Road construction projects on I-80 are on schedule and by the time winter arrives, UDOT says all of it will be finished. Carolyn Murray has this:
UDOT spokesperson, John Gleason says the wildlife bridge spanning I-80 at the top of Parley’s Canyon is going to be good for people and animals. Large game is frequently hit on the highway between Lambs Canyon and Kimball Junction. UDOT says car/animal collisions in the past few years have killed 122 mule deer, 13 moose, four elk, three mountain lions and a black bear.
“Not only are we going to save the lives of animals but, importantly I think it goes without saying that it cuts down on the amount of crashes that we will see in Parley’s Canyon as well.”
The grass roots group, Save People, Save Wildlife have pushed UDOT to build the bridge and wildlife fencing along both sides of I-80 in the area from Jeremy Ranch to the Parley’s Summit. Lorelei Coombs is on the Board and she has been with the group since they first organized three years ago.
“There have been studies that say the width that we are building is not sufficient for large animals to cross over. It would probably be fine for small animal, not large such as moose and elk. But, they say they are going to have wildlife cameras and it will be spotting the animals throughout the winter to see how effective the width of the bridge is. Hopefully, all animals will use it. We will just have to wait and see.”

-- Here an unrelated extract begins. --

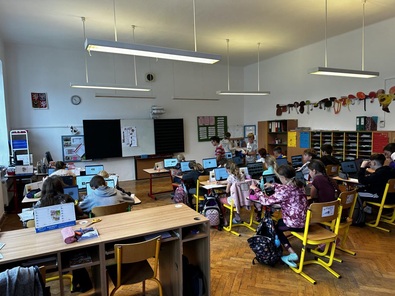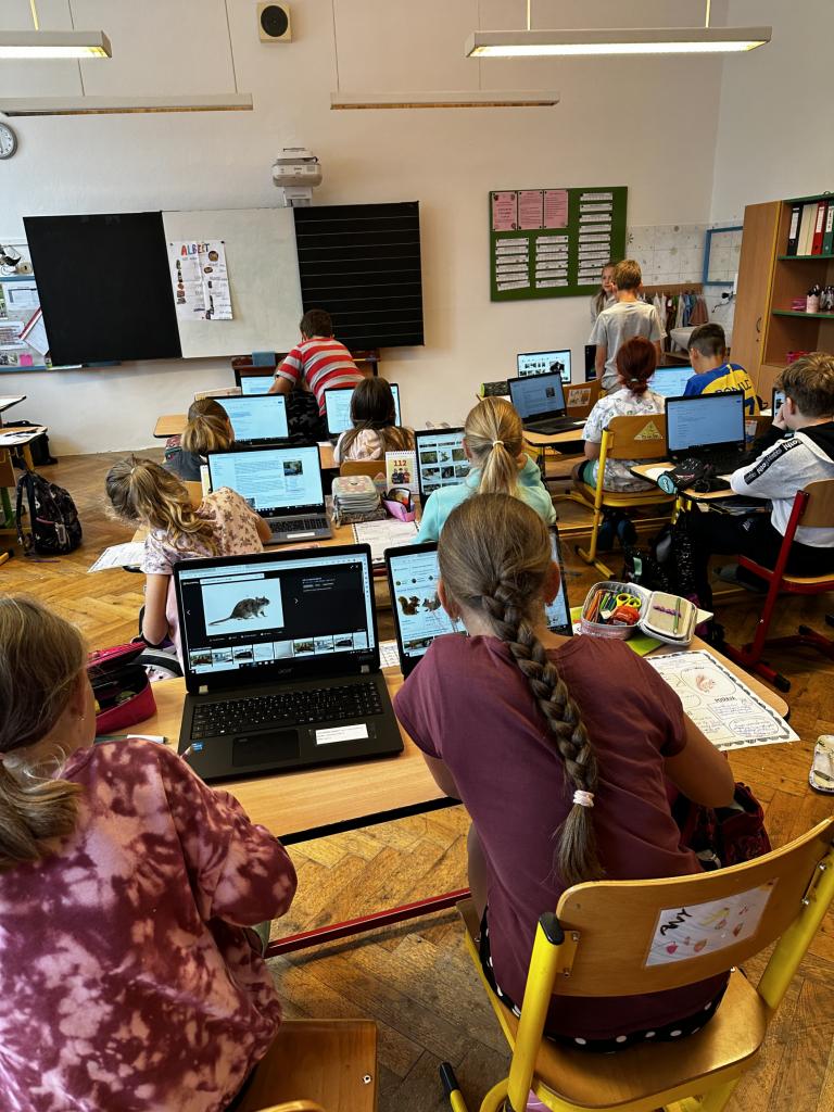 Tvoří ji 20 notebooků, které si učitelé mohou půjčovat do tříd, a tak svou výuku obohatit o IT technologie. Škola zakoupila i nabíjecí skříň, ve které jsou notebooky připravené k použití a také je lze pohodlně dopravit až do třídy. V mobilní počítačové učebně se nachází i 3D tiskárna, kterou jsme získali zapojením do projektu Průša pro školy.

She says UDOT has agreed to install cattle guards on the ramps at Parleys Summit and they’ve closed the gaps in the fencing along both sides of the highway.
“We think UDOT’s been doing a great job. We’d like to thank them for their hard work and keeping heir promises about having the wildlife bridge in before winter hits and as much fencing as they’ve been doing on both north and south trying to be sure that animals will be safe and passengers will be safe traveling along I-80 so we applaud their efforts for that.”
Gleason says the west bound climbing lane will be done by this fall. The berm and noise wall are on target to finish up in the next few months.
“Prevent against some of the additional noise we are going to see with the additional lane there. Per the request of all the residents that live out there, directly in the path of the additional noise….we balloted 29 different people and 27 of them came back ans said they absolutely wanted to build a noise wall and so, by federal law, we have to abide by that.”
Gleason says the fencing will help direct wildlife onto the bridge but drivers in this area still need to be vigilant because there will always be animals that find their way onto the highway.